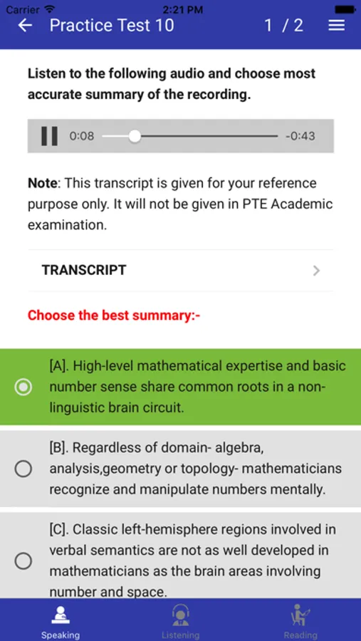 This is an item type that integrates listening and reading skills, and requires test takers to understand, analyze and combine information from a recording, and then identify the most accurate summary of the recording
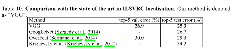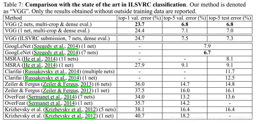 从表7可以看出,我们的very deep ConvNets明显优于上一代模型,在ILSVRC-2012和ILSVRC-2013比赛中取得了最好的成绩。我们的结果与分类任务赢家(GoogLeNet有6.7%的错误)相比也是有竞争力的,并且大大超过了ILSVRC-2013获胜提交的Clarifai,后者在有外部训练数据的情况下达到了11.2%,在没有训练数据的情况下达到了11.7%。这是值得注意的,考虑到我们的最佳结果是通过结合只有两个模型-大大低于使用在大多数ILSVRC提交。在单网性能方面,我们的架构达到了最好的结果(7.0%的测试错误),比单一的GoogLeNet好0.9%。值得注意的是,我们并没有背离LeCun等人的经典ConvNet架构,而是通过大幅增加深度来改进它。
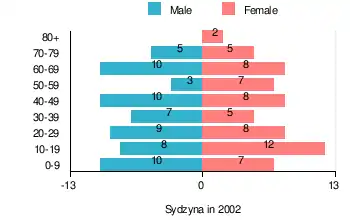 According to the 2002 Poland census, there were 124 people residing in Sydzyna village, of whom 50% were male and 50% were female. In the village, the population was spread out, with 28.2% under the age of 18, 35.5% from 18 to 44, 16.1% from 45 to 64, and 20.2% who were 65 years of age or older.[1]
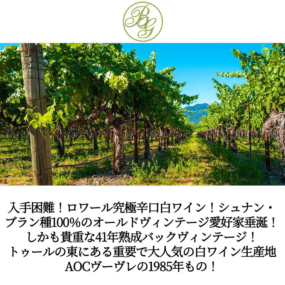 希少!入手困難!ロワール究極辛口白ワイン愛好家大注目!シュナン・ブラン種100%のオールドヴィンテージ愛好家垂涎!しかも貴重な41年熟成バックヴィンテージ!1985年のヴーヴレについてマイケル・ブロードベント氏は「大いに満足のいく年。ヴーヴレは甘味と酸のバランスが完璧で素晴らしい熟成能力を持っている」と絶賛!華麗な古城が点在する、風光明媚なロワールの渓谷!
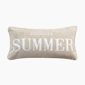 The Endless Summer decorative pillow matches perfectly with the Levtex Home Galapagos bedding collection. This pillow is sized at 12 x 24in. and features ENDLESS SUMMER printed in white on a slubbed natural hessian ground. The color palette makes this a versatile accessory for your bed, couch or favorite chair. The pilow comes pre-filled with a soft. luxurious feather inner.
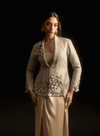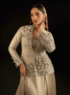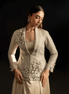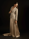 An enchanting display of craftsmanship, this silver bugle beaded coat shimmers with intricate beadwork and features delicate 3D flowers blooming along the hem of the coat and sleeves. Paired with a flared charmeuse skirt and a slip inside the jacket. The look reflects refined glamour and graceful movement.
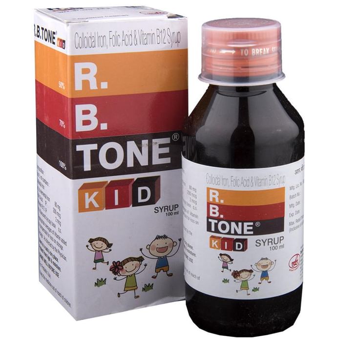 R.B Tone Kid Syrup is useful in iron deficiency anaemia, general weakness, worm infestations and cognitive impairment. | Key Ingredients: Ferrous Gluconate Folic Acid Calcium Lactate Vitamin B12 | Key Benefits: Provides complete formula for treatment of anaemia Essential for formation of red blood cells Calcium is required for proper growth and development of bones Useful for treatment of iron deficiency anaemia of varied origin Provides faster correction of iron deficiency | Directions For Use: Take as directed by the physician | Safety Information: Store the formulation in cool and dry place Read the label carefully before use Do not exceed the recommended dose Keep out of the reach of children

### Work instructions
Where an entry contains an image, leave the image out; otherwise retype everything exactly.

### Reply
 This is an item type that integrates listening and reading skills, and requires test takers to understand, analyze and combine information from a recording, and then identify the most accurate summary of the recording
 从表7可以看出,我们的very deep ConvNets明显优于上一代模型,在ILSVRC-2012和ILSVRC-2013比赛中取得了最好的成绩。我们的结果与分类任务赢家(GoogLeNet有6.7%的错误)相比也是有竞争力的,并且大大超过了ILSVRC-2013获胜提交的Clarifai,后者在有外部训练数据的情况下达到了11.2%,在没有训练数据的情况下达到了11.7%。这是值得注意的,考虑到我们的最佳结果是通过结合只有两个模型-大大低于使用在大多数ILSVRC提交。在单网性能方面,我们的架构达到了最好的结果(7.0%的测试错误),比单一的GoogLeNet好0.9%。值得注意的是,我们并没有背离LeCun等人的经典ConvNet架构,而是通过大幅增加深度来改进它。
 According to the 2002 Poland census, there were 124 people residing in Sydzyna village, of whom 50% were male and 50% were female. In the village, the population was spread out, with 28.2% under the age of 18, 35.5% from 18 to 44, 16.1% from 45 to 64, and 20.2% who were 65 years of age or older.[1]
 希少!入手困難!ロワール究極辛口白ワイン愛好家大注目!シュナン・ブラン種100%のオールドヴィンテージ愛好家垂涎!しかも貴重な41年熟成バックヴィンテージ!1985年のヴーヴレについてマイケル・ブロードベント氏は「大いに満足のいく年。ヴーヴレは甘味と酸のバランスが完璧で素晴らしい熟成能力を持っている」と絶賛!華麗な古城が点在する、風光明媚なロワールの渓谷!
 The Endless Summer decorative pillow matches perfectly with the Levtex Home Galapagos bedding collection. This pillow is sized at 12 x 24in. and features ENDLESS SUMMER printed in white on a slubbed natural hessian ground. The color palette makes this a versatile accessory for your bed, couch or favorite chair. The pilow comes pre-filled with a soft. luxurious feather inner.
 An enchanting display of craftsmanship, this silver bugle beaded coat shimmers with intricate beadwork and features delicate 3D flowers blooming along the hem of the coat and sleeves. Paired with a flared charmeuse skirt and a slip inside the jacket. The look reflects refined glamour and graceful movement.
 R.B Tone Kid Syrup is useful in iron deficiency anaemia, general weakness, worm infestations and cognitive impairment. | Key Ingredients: Ferrous Gluconate Folic Acid Calcium Lactate Vitamin B12 | Key Benefits: Provides complete formula for treatment of anaemia Essential for formation of red blood cells Calcium is required for proper growth and development of bones Useful for treatment of iron deficiency anaemia of varied origin Provides faster correction of iron deficiency | Directions For Use: Take as directed by the physician | Safety Information: Store the formulation in cool and dry place Read the label carefully before use Do not exceed the recommended dose Keep out of the reach of children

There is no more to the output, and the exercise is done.